WORK TASK: Your reply should be an exact copy of every entry, with the pictures removed.

DATA TO USE:
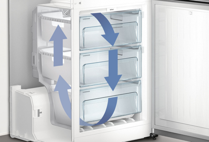 Холодильники, которые не требуют разморозки, это холодильники с системой No Frost. Принцип работы системы No Frost таков — в морозильном отделении за декоративной панелью находится испаритель из изогнутых трубок, на которых установлены ламели с электронными датчиками, тэном подогрева и вентилятором. В процессе работы компрессора, испаритель...
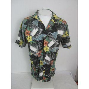 Hawaiian style camp shirt; print features block style with tropical flowers and palm trees
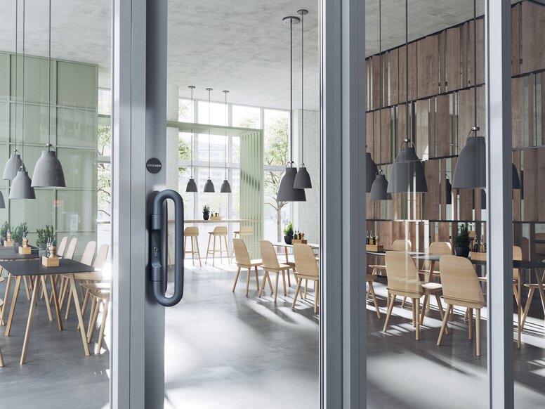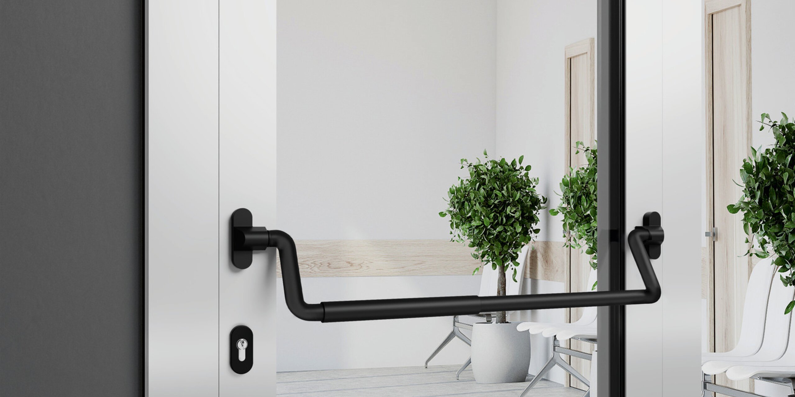 Vision decreases significantly with age and thus represents a disability for broad sections of the population. In order for people with poor eyesight to find their way around buildings, information must be presented in high contrast and according to the two-sense principle. With the panic bar, operation is conveyed via two senses: the doubled handle area made of coloured polyamide visualises the handling and can also be sensed by touch. The door opens when pressure is applied against the horizontal operating rod. By marking the optimum pressure point according to the two-sense principle, the panic bar meets the requirements of DIN 18040 for barrier-free construction.
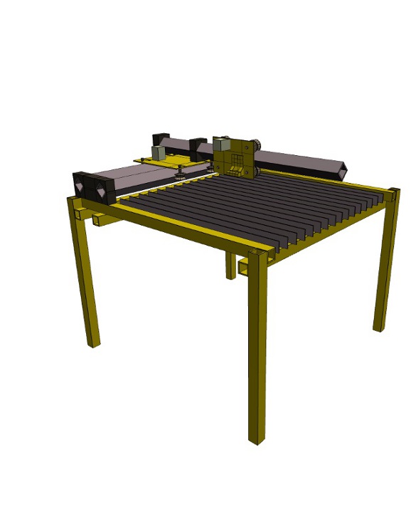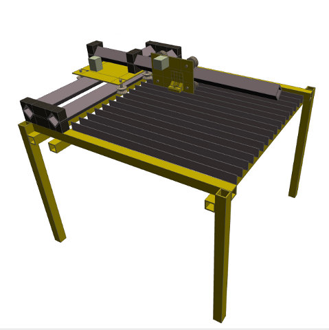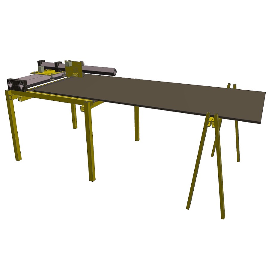 Konstrukcja oparta o jeden wózek osi Y pozwala na ułożenie większych arkuszy blachy niż pole robocze. Wystarczy przygotować podpory obok maszyny i można ciąć całe arkusze. Przesuwając arkusz można również wycinać elementy większe niż pole robocze.
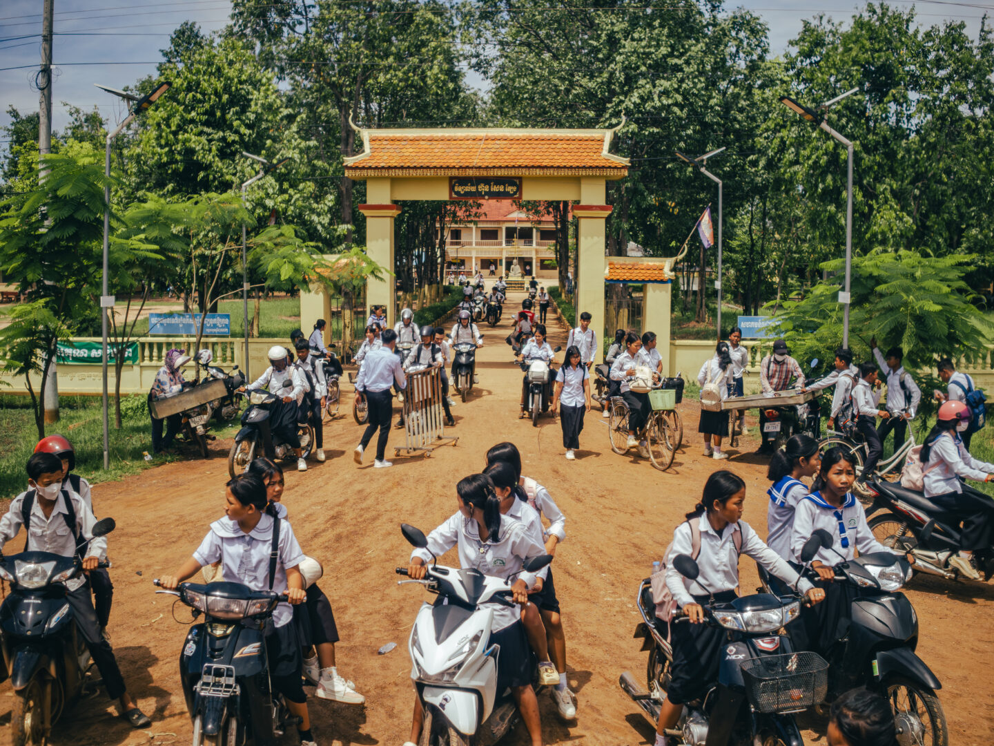 日本ではありえない景色…!ノーヘルも当たり前の状況です。多分ここは高校だと思うのですが、ちょうどバスが横を通ったタイミングで通学している学生たちが門の前に出てきました。二輪の3人乗りは流石に日本では見ることがないですね…笑
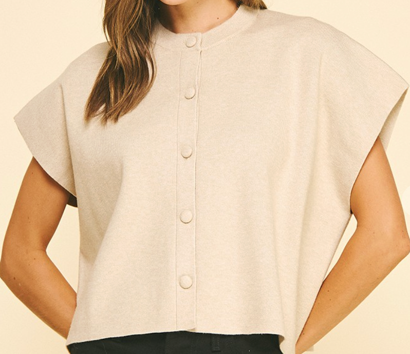 This cozy IP LORA OAT CARDI features a classic round neck and a button-down front for easy layering. Its cap sleeves add a stylish touch while keeping you comfortable throughout the day. Perfect for elevating everyday looks with a subtle, elegant flair.
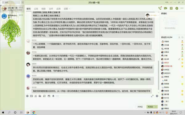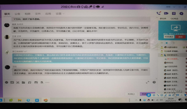 此次党史学习线上团日活动,最后在学生们持续踊跃的心得分享中步入尾声。本次团日活动,为我们新时代中国青年给予了更为直接、更为有效的机会,让我们学会感恩生于和平年代,感激成长于百年历史机遇碰撞之际,激励自己迎合新时代新格局更需加倍付出奋斗朝气。顺利获得学习贯彻习近平总书记在庆祝中国共产党创建100周年大会上和“七一章”颁投仪式上的重要讲话精神,紧跟上“学党史,强信念,跟党走”学习教育,青年一代思想意识形态必将得到进一步夯实与升华,为新时代新格局中华民族伟大复兴的中国梦实现挥舞思想旗帜。
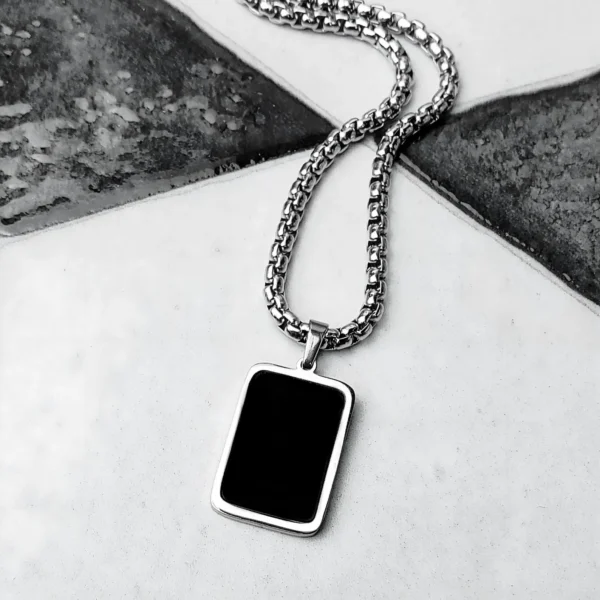 This Geometric Black Enamel Rectangular Pendant is designed for those who appreciate clean lines and timeless style. Crafted with precision, the sleek rectangular pendant features a smooth black enamel center framed in polished stainless steel — creating the perfect balance between elegance and edge.
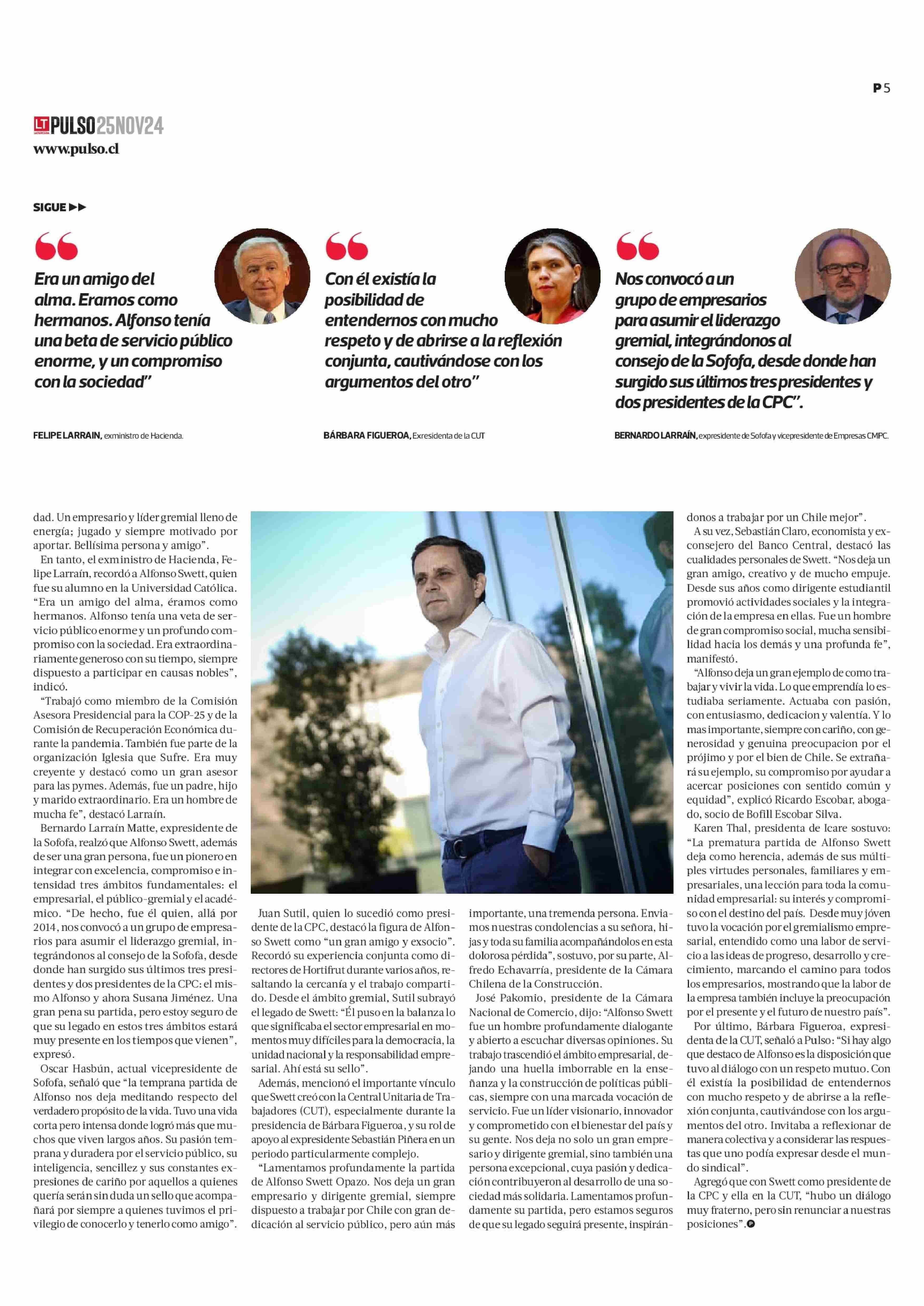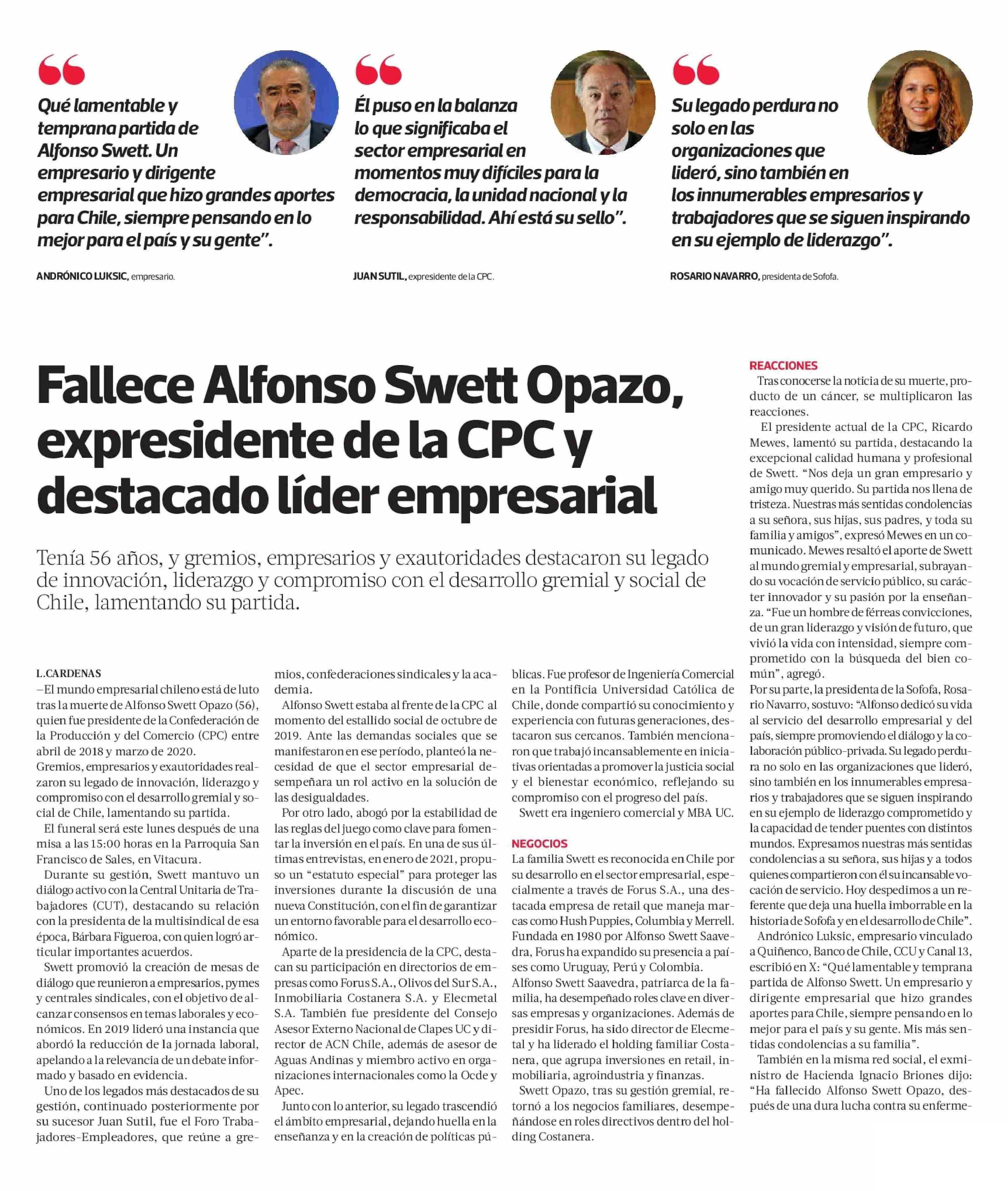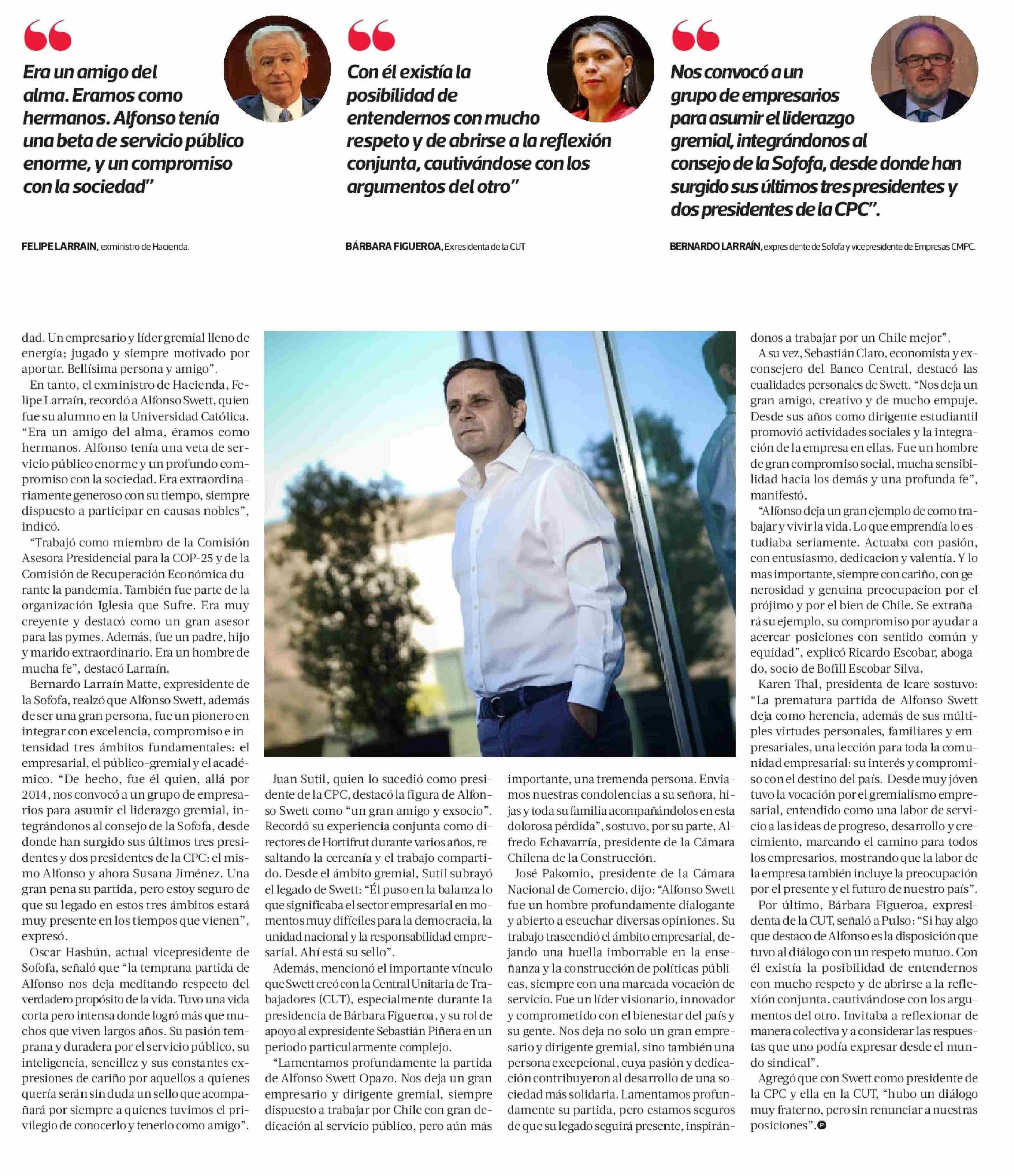 Fallece Alfonso Swett Opazo, expresidente de la CPC y destacado lider empresarial 25-11-2024 La Tercera |
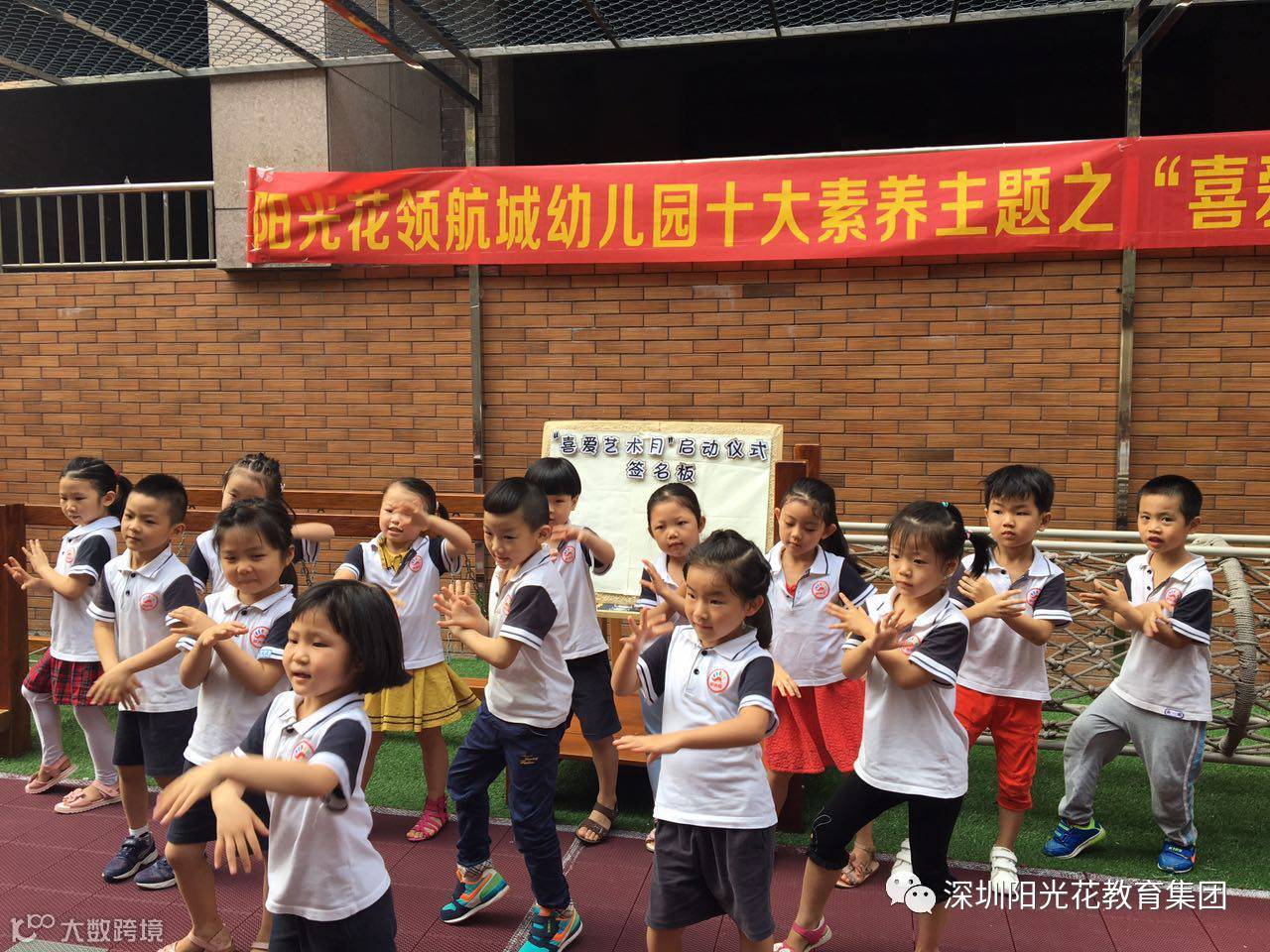 阳光花领航城幼儿园在2017年5月5日开展了十大素养主题之“喜爱艺术月”的开幕式。

OUTPUT OF THE TASK:
 Холодильники, которые не требуют разморозки, это холодильники с системой No Frost. Принцип работы системы No Frost таков — в морозильном отделении за декоративной панелью находится испаритель из изогнутых трубок, на которых установлены ламели с электронными датчиками, тэном подогрева и вентилятором. В процессе работы компрессора, испаритель...
 Hawaiian style camp shirt; print features block style with tropical flowers and palm trees
 Vision decreases significantly with age and thus represents a disability for broad sections of the population. In order for people with poor eyesight to find their way around buildings, information must be presented in high contrast and according to the two-sense principle. With the panic bar, operation is conveyed via two senses: the doubled handle area made of coloured polyamide visualises the handling and can also be sensed by touch. The door opens when pressure is applied against the horizontal operating rod. By marking the optimum pressure point according to the two-sense principle, the panic bar meets the requirements of DIN 18040 for barrier-free construction.
 Konstrukcja oparta o jeden wózek osi Y pozwala na ułożenie większych arkuszy blachy niż pole robocze. Wystarczy przygotować podpory obok maszyny i można ciąć całe arkusze. Przesuwając arkusz można również wycinać elementy większe niż pole robocze.
 日本ではありえない景色…!ノーヘルも当たり前の状況です。多分ここは高校だと思うのですが、ちょうどバスが横を通ったタイミングで通学している学生たちが門の前に出てきました。二輪の3人乗りは流石に日本では見ることがないですね…笑
 This cozy IP LORA OAT CARDI features a classic round neck and a button-down front for easy layering. Its cap sleeves add a stylish touch while keeping you comfortable throughout the day. Perfect for elevating everyday looks with a subtle, elegant flair.
 此次党史学习线上团日活动,最后在学生们持续踊跃的心得分享中步入尾声。本次团日活动,为我们新时代中国青年给予了更为直接、更为有效的机会,让我们学会感恩生于和平年代,感激成长于百年历史机遇碰撞之际,激励自己迎合新时代新格局更需加倍付出奋斗朝气。顺利获得学习贯彻习近平总书记在庆祝中国共产党创建100周年大会上和“七一章”颁投仪式上的重要讲话精神,紧跟上“学党史,强信念,跟党走”学习教育,青年一代思想意识形态必将得到进一步夯实与升华,为新时代新格局中华民族伟大复兴的中国梦实现挥舞思想旗帜。
 This Geometric Black Enamel Rectangular Pendant is designed for those who appreciate clean lines and timeless style. Crafted with precision, the sleek rectangular pendant features a smooth black enamel center framed in polished stainless steel — creating the perfect balance between elegance and edge.
 Fallece Alfonso Swett Opazo, expresidente de la CPC y destacado lider empresarial 25-11-2024 La Tercera |
 阳光花领航城幼儿园在2017年5月5日开展了十大素养主题之“喜爱艺术月”的开幕式。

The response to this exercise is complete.